You can look at it this way:
Suppose we have the polynomial:
x^{n} + a for a > 0, with n even.
We have:
x^{2n} - a^{2} = (x^{n} - a)(x^{n} + a).
The roots of x^{2n} - a^{2} are the 2n-th roots of unity times the positive real 2n-th root of a^{2}, which is the real positive n-th root of a.
Half the 2n-th roots of unity when raised to the n-th power will be 1, the other half will be -1. The first "half" yields the roots of x^{n} - a, and the second "half" yields the roots of x^{n} + a.

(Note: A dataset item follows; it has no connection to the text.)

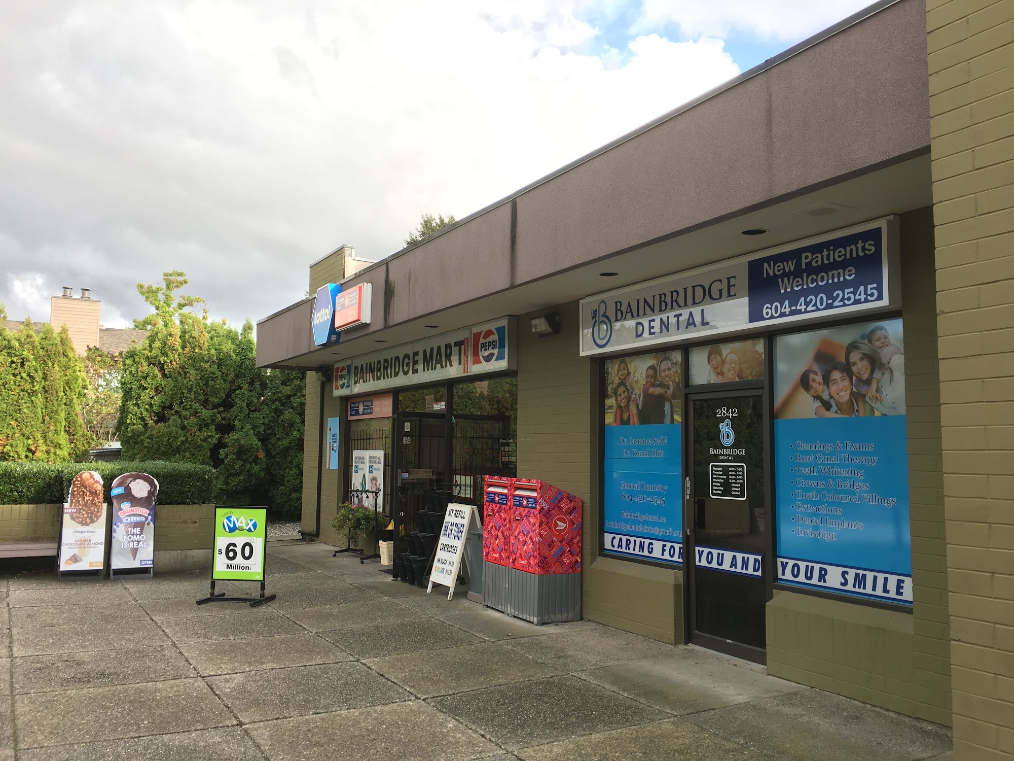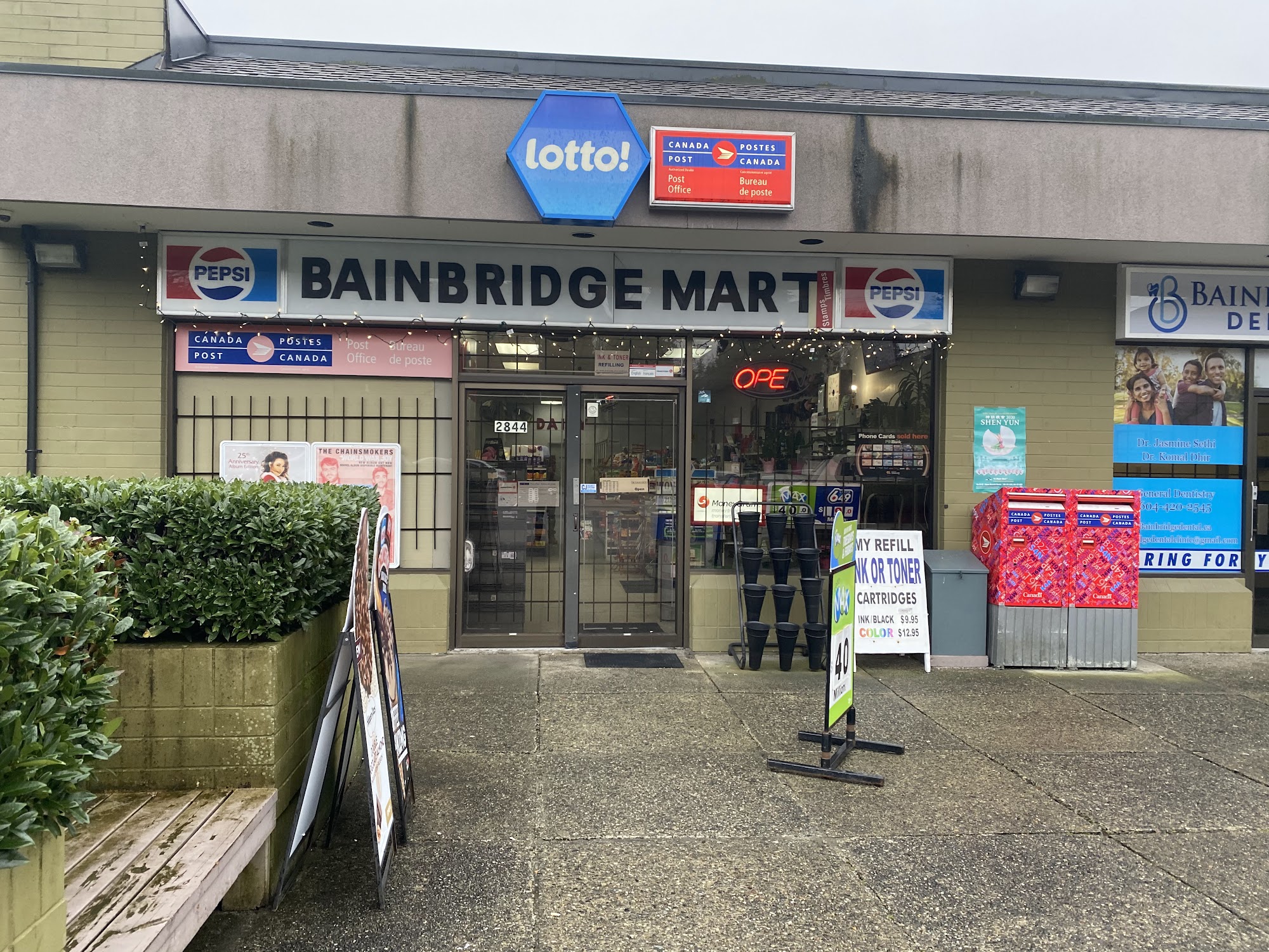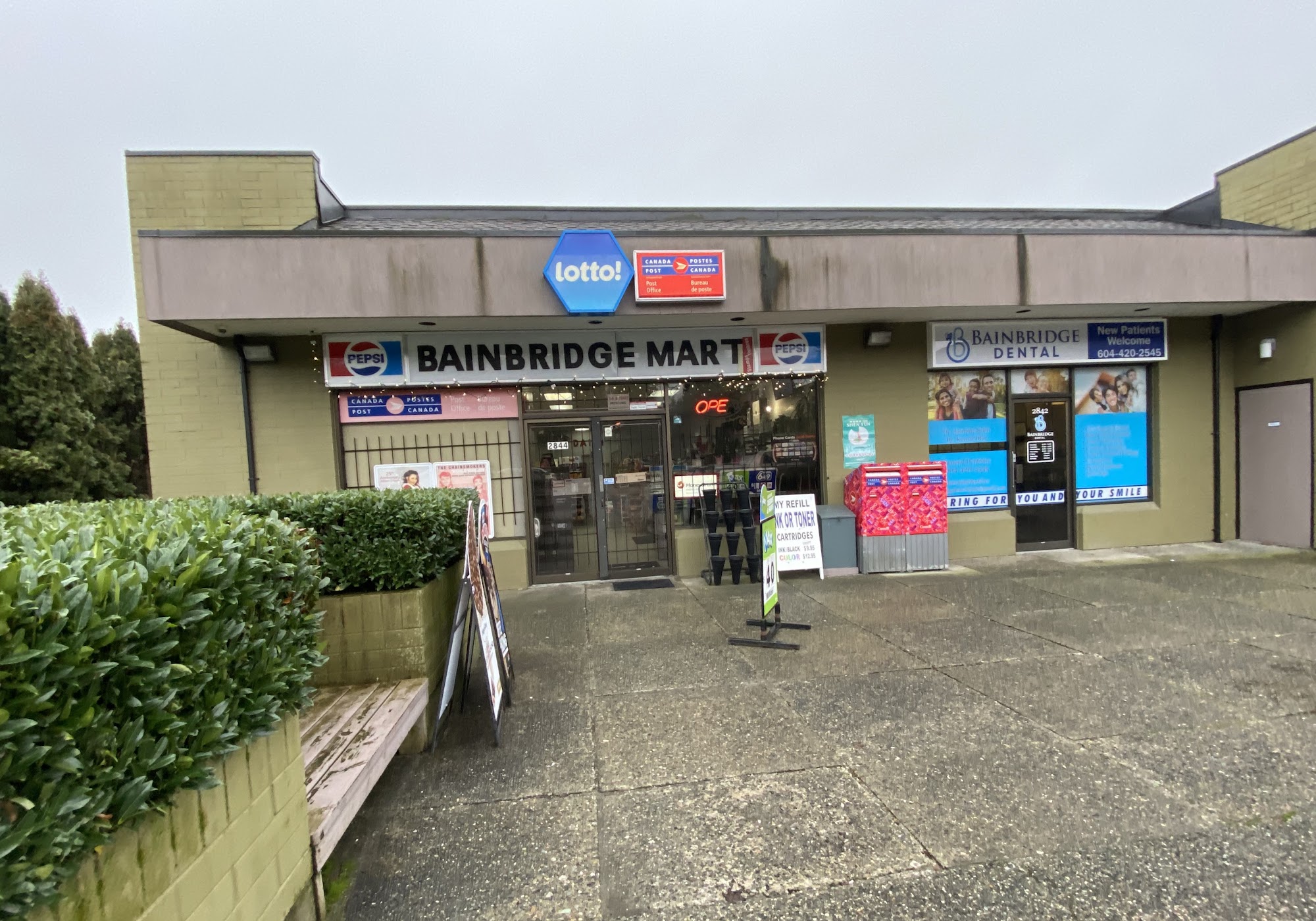 Bainbridge Mart is a friendly neighborhood convenience store and Canada Post outlet that has been around since the early 90s, making it a relic in the neighborhood. It is a nice little tucked away store where one clerk often efficiently works both tills. Customers can grab simple daily items like pop, chips, and candy, as well as things for house and home. The Canada Post service is a major feature, helpful for sending mail and Amazon returns, though it can get busy with a bit of a wait. The owners are described as friendly and polite, with a long-standing presence. The store has parking for over ten cars and maintains a good neighborly feel.

(I urge you to consider what this means for the two easiest cases: n = 2, and n = 4. This problem is an example of what happens when n = 6, and involves (even if you didn't see it) finding 12-th roots of unity, although we are only interested in the 6 which are 6-th roots of -1, two of which happen to be i and -i. These 12-th roots can be found using trigonometry somewhat faster than using polynomials).